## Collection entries
##############################

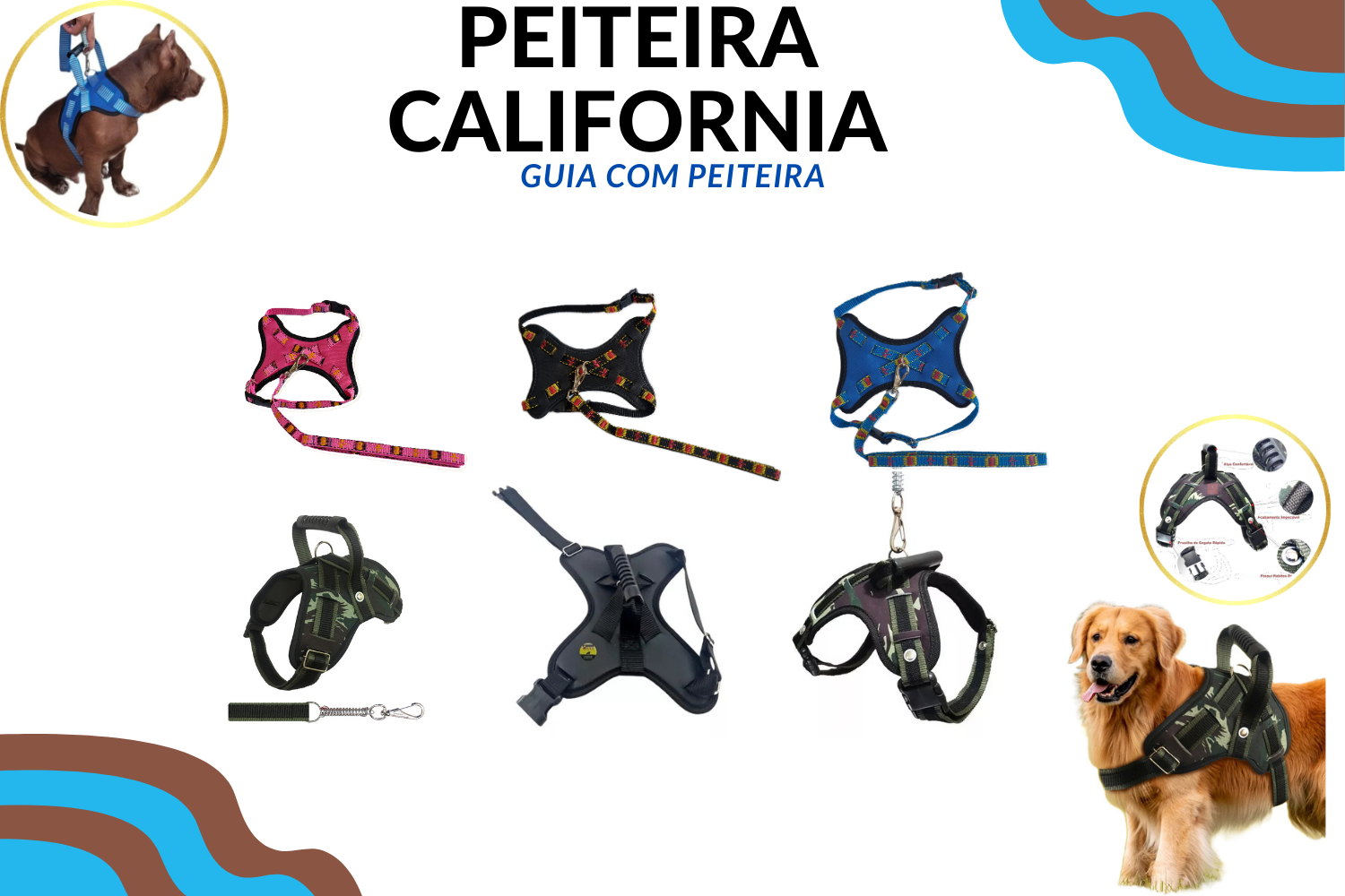 GUIA COM PEITEIRA CALIFORNIA,POSSUI ALÇA CONFORTÁVEL,ACABAMENTO IMPECÁVEL,REBITES REFORÇADOS,PRESILHAS DE ENGATE RÁPIDO,CONFORTO E QUALIDADE PARA SEU PET. ****VENDA POR CONTIDADE*****
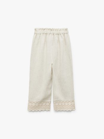 بنطلون بناتي من خليط الفسكوز والكتان مزين بالتطريز ومطاطي الخصر
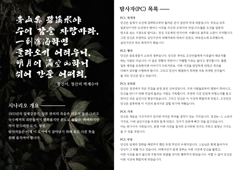 당신은 일제가 조선에 침략하고부터 들어온 군사 집안의 막내 외동입니다. 부모님 모두 일본인이지만 조선에서 태어나 이곳을 자신의 조국이라 여깁니다(물론 조선을 일본의 땅으로 보는 시점으로 말이죠). 경성 사교계의 인사이며, 아름다운 용무로 소문이 자자합니다. 그런 당신은 우연히도 살인사건의 피해자와의 약속이 있었고, 약속장소에 도착했으며, 살인사건의 최초 목격자가 됐습니다.
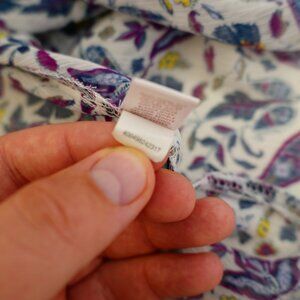 LC Lauren Conrad White Purple Blue Floral Sheer Scoop Neck Blouse Capped Large L
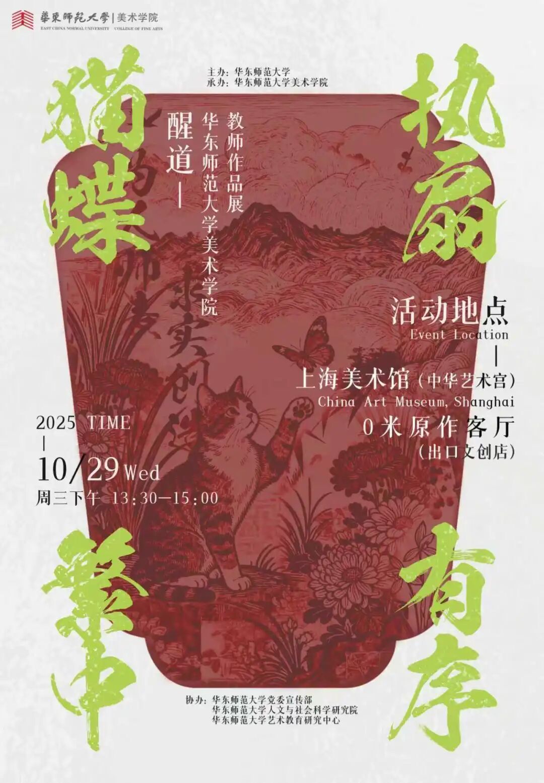 为弘扬中华美育精神,积极响应国家美育政策,全面贯彻落实新时代美育工作要求,“醒道——华东师范大学美术学院教师作品展”展览期间(10月24日-10月31日),上海美术馆与华东师范大学美术学院共同开展面向公众的公共教育活动,希望公众在参与中感悟中华优秀传统文化的深厚内涵,提升审美素养与文化自信。

##############################

## Work to complete
Keeping the pictures out, output the records from above exactly and completely.

## Exercise result
 GUIA COM PEITEIRA CALIFORNIA,POSSUI ALÇA CONFORTÁVEL,ACABAMENTO IMPECÁVEL,REBITES REFORÇADOS,PRESILHAS DE ENGATE RÁPIDO,CONFORTO E QUALIDADE PARA SEU PET. ****VENDA POR CONTIDADE*****
 بنطلون بناتي من خليط الفسكوز والكتان مزين بالتطريز ومطاطي الخصر
 당신은 일제가 조선에 침략하고부터 들어온 군사 집안의 막내 외동입니다. 부모님 모두 일본인이지만 조선에서 태어나 이곳을 자신의 조국이라 여깁니다(물론 조선을 일본의 땅으로 보는 시점으로 말이죠). 경성 사교계의 인사이며, 아름다운 용무로 소문이 자자합니다. 그런 당신은 우연히도 살인사건의 피해자와의 약속이 있었고, 약속장소에 도착했으며, 살인사건의 최초 목격자가 됐습니다.
 LC Lauren Conrad White Purple Blue Floral Sheer Scoop Neck Blouse Capped Large L
 为弘扬中华美育精神,积极响应国家美育政策,全面贯彻落实新时代美育工作要求,“醒道——华东师范大学美术学院教师作品展”展览期间(10月24日-10月31日),上海美术馆与华东师范大学美术学院共同开展面向公众的公共教育活动,希望公众在参与中感悟中华优秀传统文化的深厚内涵,提升审美素养与文化自信。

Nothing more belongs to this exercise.